Profile image of Aditi Chauhan
11 Years ago

To determine the height of the atmosphere under the given conditions, we need to consider two scenarios: when air density remains constant and when it decreases linearly to zero with altitude. Let's break this down step-by-step for clarity.

Scenario A: Constant Air Density

If we assume that air density remains constant throughout the atmosphere, we can use the concept of pressure and the hydrostatic equation. The hydrostatic equation states that the change in pressure with height is equal to the negative product of density, gravitational acceleration, and the change in height:

Mathematically, this can be expressed as:

P = P0 - ρgH

Where:

  • P = pressure at height H
  • P0 = sea-level pressure (approximately 101325 Pa)
  • ρ = air density (1.21 kg/m³)
  • g = acceleration due to gravity (approximately 9.81 m/s²)

As we move upward, pressure decreases until it reaches zero at the top of the atmosphere. Setting P to zero, we can solve for H:

0 = P0 - ρgH
H = P0 / (ρg)

Plugging in the values:

H = 101325 Pa / (1.21 kg/m³ * 9.81 m/s²) ≈ 8445 meters

This indicates that if air density were constant at sea level values, the atmosphere would extend approximately 8445 meters high.

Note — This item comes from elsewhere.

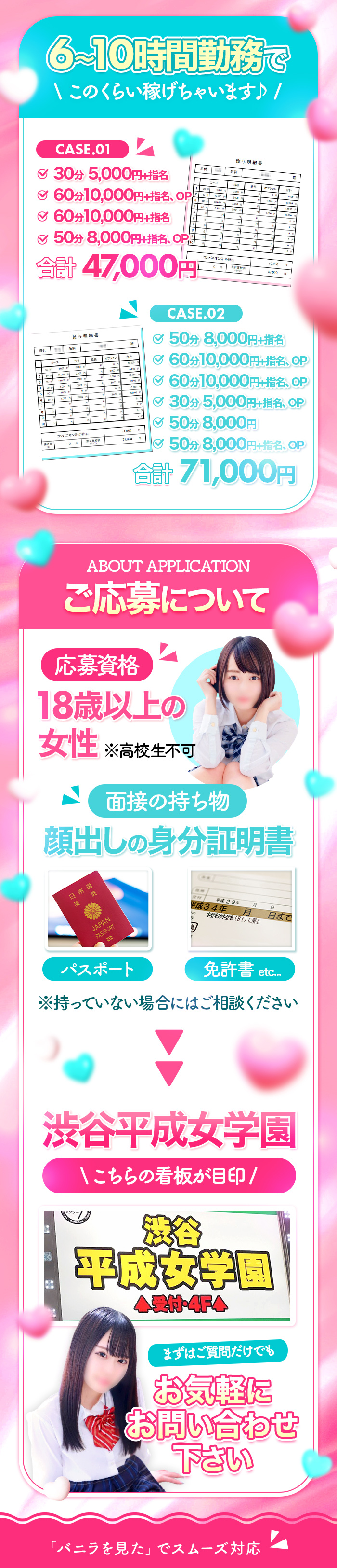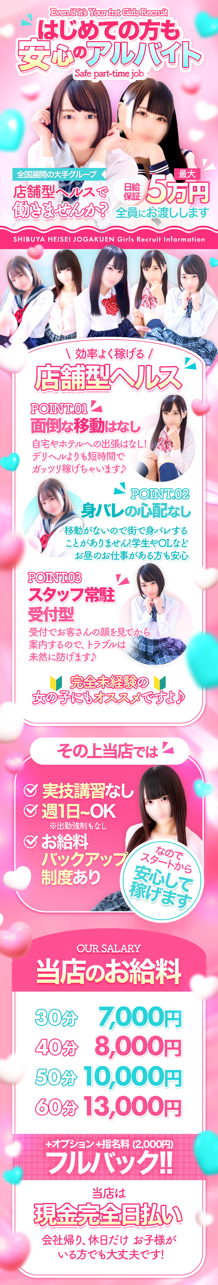 当日に体験入店をお考えの女の子の場合は、未経験の女の子ですとお仕事の内容がお分かりにならない不安などがあるかと思いますので、口頭でお仕事の手順や内容をご説明させて頂いております!

Scenario B: Linearly Decreasing Air Density

Now, let’s consider the case where air density decreases linearly with height. This means that as we go higher, the density drops proportionally until it reaches zero at some height H. We can express air density as:

ρ(H) = 1.21 kg/m³ * (1 - (H/Hmax))

Where Hmax is the height of the atmosphere we want to find. Using the hydrostatic balance again, we can derive the pressure equation. The pressure at height H can be expressed as:

P(H) = P0 - ∫(ρ(H)g dH)

Substituting our expression for ρ(H) and integrating, we find that:

P(H) = 101325 Pa - ∫(1.21(1 - (H/Hmax))g dH

Solving this integral from 0 to Hmax, we can find that:

P(Hmax) = P0 - (1.21g/2)Hmax

Setting P(Hmax) to zero gives us:

0 = 101325 Pa - (1.21*9.81/2)Hmax

Now we can solve for Hmax:

Hmax = 101325 Pa / (1.21 * 9.81 / 2) ≈ 16790 meters

So, if the air density decreases linearly to zero, the atmosphere could extend approximately 16790 meters high.

Summary

In summary, if air density were constant, the height of the atmosphere would be around 8445 meters. However, if the air density decreases linearly to zero, the atmosphere could reach about 16790 meters. These calculations illustrate how different assumptions about air density can significantly impact the estimated height of the atmosphere.